Mario Merz. Che cos’è una casa?
December 1, 2010 – March 6, 2011
The Fondazione Merz presents the works that Mario Merz created for the 1999 exhibition Che cos’è una casa?, which was originally held at the Porto’s Fundação de Serralves under the curatorship of Vicente Todolí.
Merz was invited to exhibit his work in the elegant rooms of the Serralves Villa and he specifically conceived a display where all the pieces selected were combined to merge into a single work stretching throughout the entire exhibition space. Thus igloos, tables and different structures run throughout the rooms supporting the black silhouettes of animals that inhabit the house, while the landscape changes as a new nature manifests itself.

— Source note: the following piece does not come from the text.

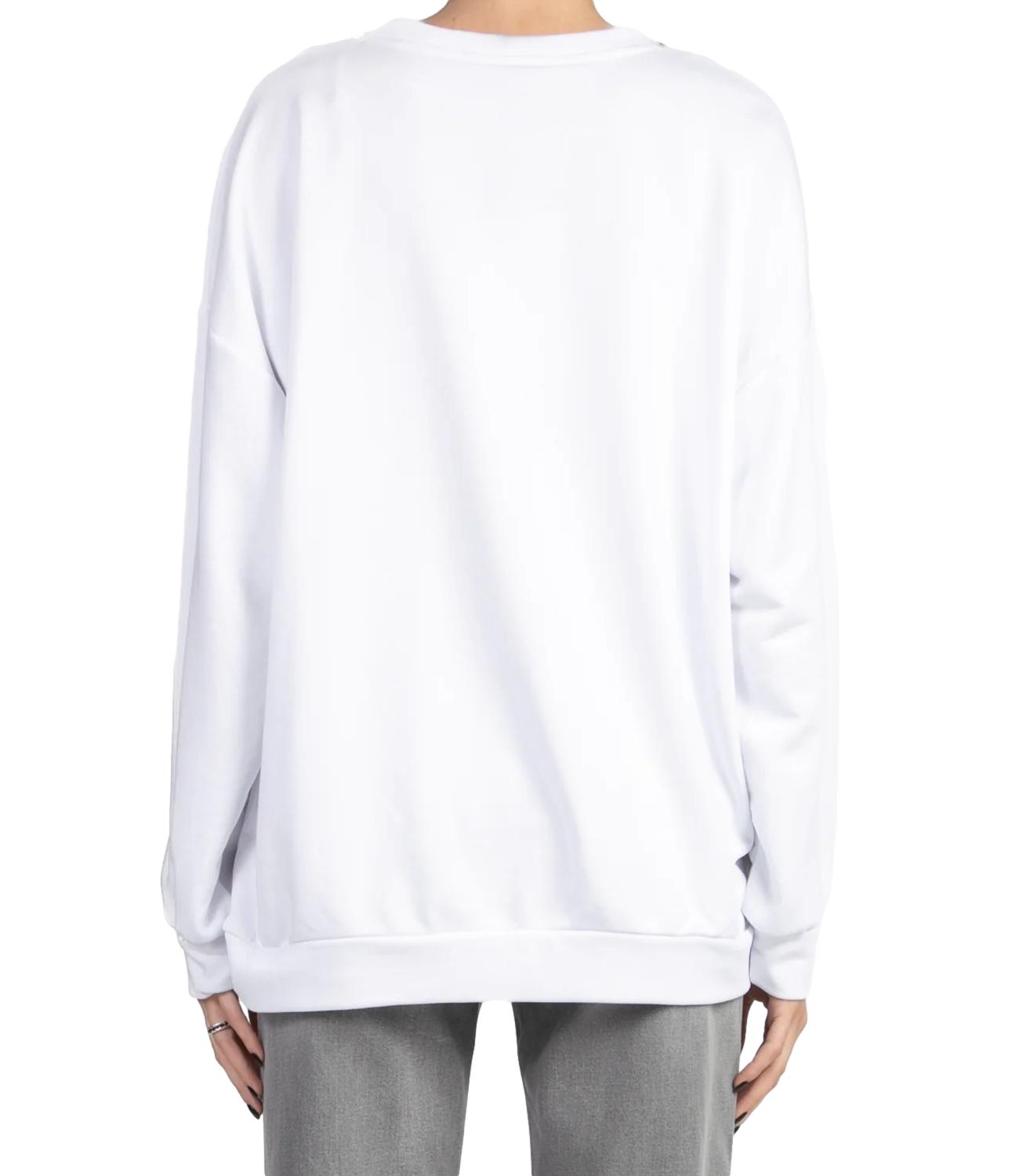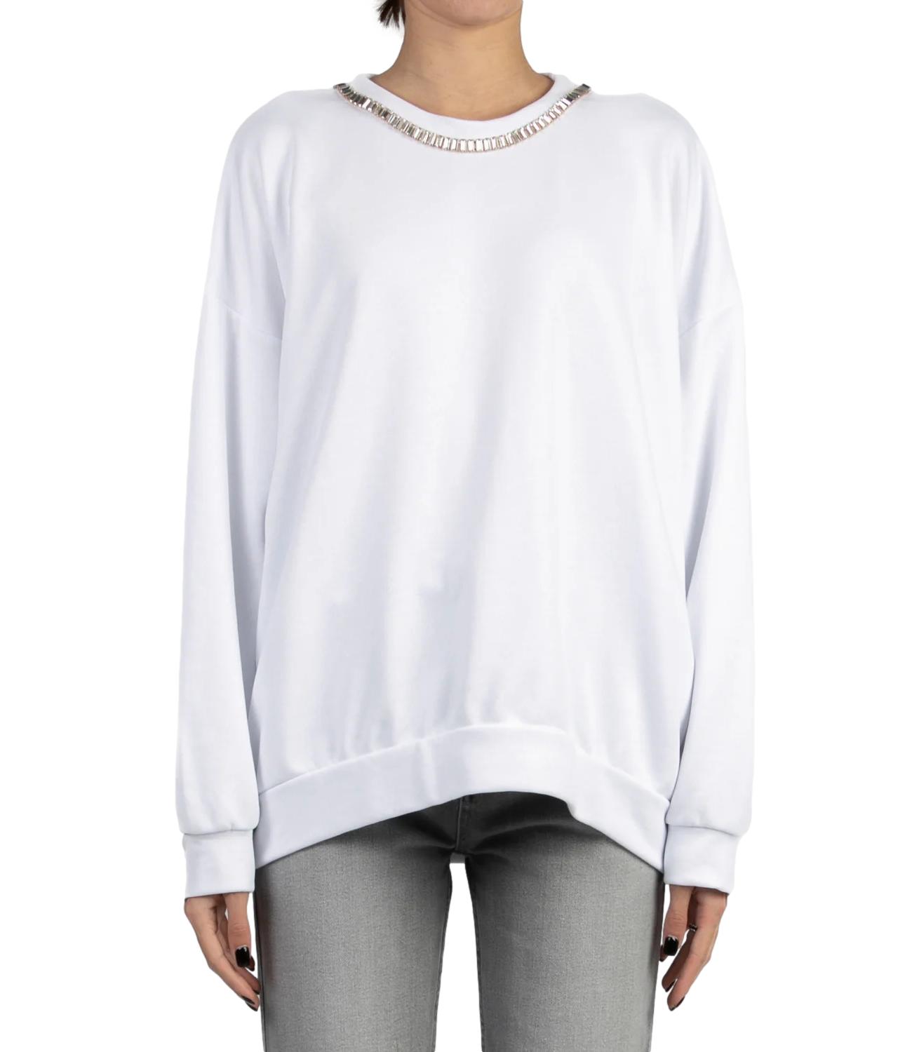 Felpa girocollo con applicazioni gioiello, realizzata in tessuto garzato all'interno per un comfort extra. La vestibilità over offre un look rilassato e moderno, mentre i dettagli gioiello aggiungono un tocco di eleganza e brillantezza. Perfetta per un outfit casual-chic, è ideale per chi cerca stile senza rinunciare al comfort.
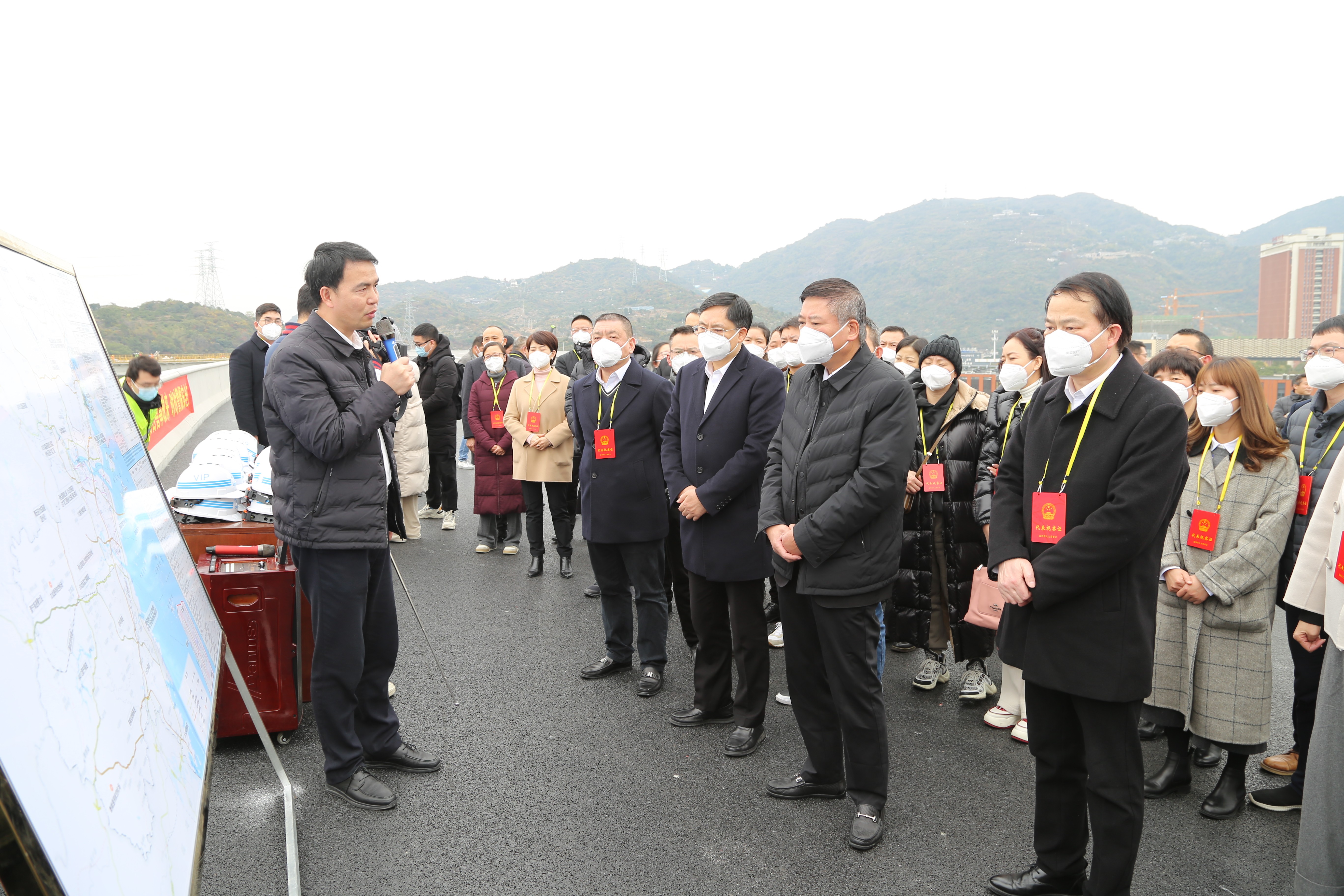 1月5日,省十四届人大代表温州中心组赴金丽温东延线项目开展会前视察活动。市人大常委会主任、党组书记葛益平,省人大常委会法制工作委员会专职副主任田梦海,市人大常委会副主任陈永光等60余名代表参加活动。市委常委、常务副市长杨胜杰,市发改委副主任金劲勇,市交通运输局总工程师陈亮,伟德国际victor1946总经理翁结群以及东延线公司相关负责人陪同。

All along, the exhibition space is dotted by the numbers from the Fibonacci series in neon lights representing the symbol of creative energy.
In Che cos’è una casa? the artist’s vision reaches its peak in a dynamic dialogue between spatial symmetries and asymmetries. As Vicente Todolí wrote in his preface to the catalogue of the 1999 exhibition: Merz sets up a dialogue where the Apollonian nature of architecture is subverted by the Dionysian progression of movement, where the latter is intended as energy and expansion of the subject. The exhibit also includes the presentation of the drawings that were originally made and selected by Mario Merz to illustrate the publication of the texts he had written to accompany the Portuguese exhibition.
In April 2005, the inauguration of the Fondazione Merz featured a show that presented an overall view of the various forms of expressions which Mario Merz was capable of bringing into his work; it was followed by the critical exhibitions of his drawings (“Drawings”, 2007, curator Dieter Schwarz) and paintings (“Pageantry of painting”, 2010, curator Rudi Fuchs). The current exhibition delves into the Italian artist’s ability to vary his work and shape a show that constantly relates to the architecture of the place hosting it. As Mariano Boggia — president of the Fondazione — recalls, Mario Merz used to study the exhibition venues to understand the spatial relationships within the architecture of a particular site, so that he could anticipate the extent of his artistic act and then select the works to be exhibited accordingly. At once he could retrieve all of his personal artistic past and bring it back into play, reinventing it under new forms. The show at the Serralves became an exemplary demonstration of his particular “work method”.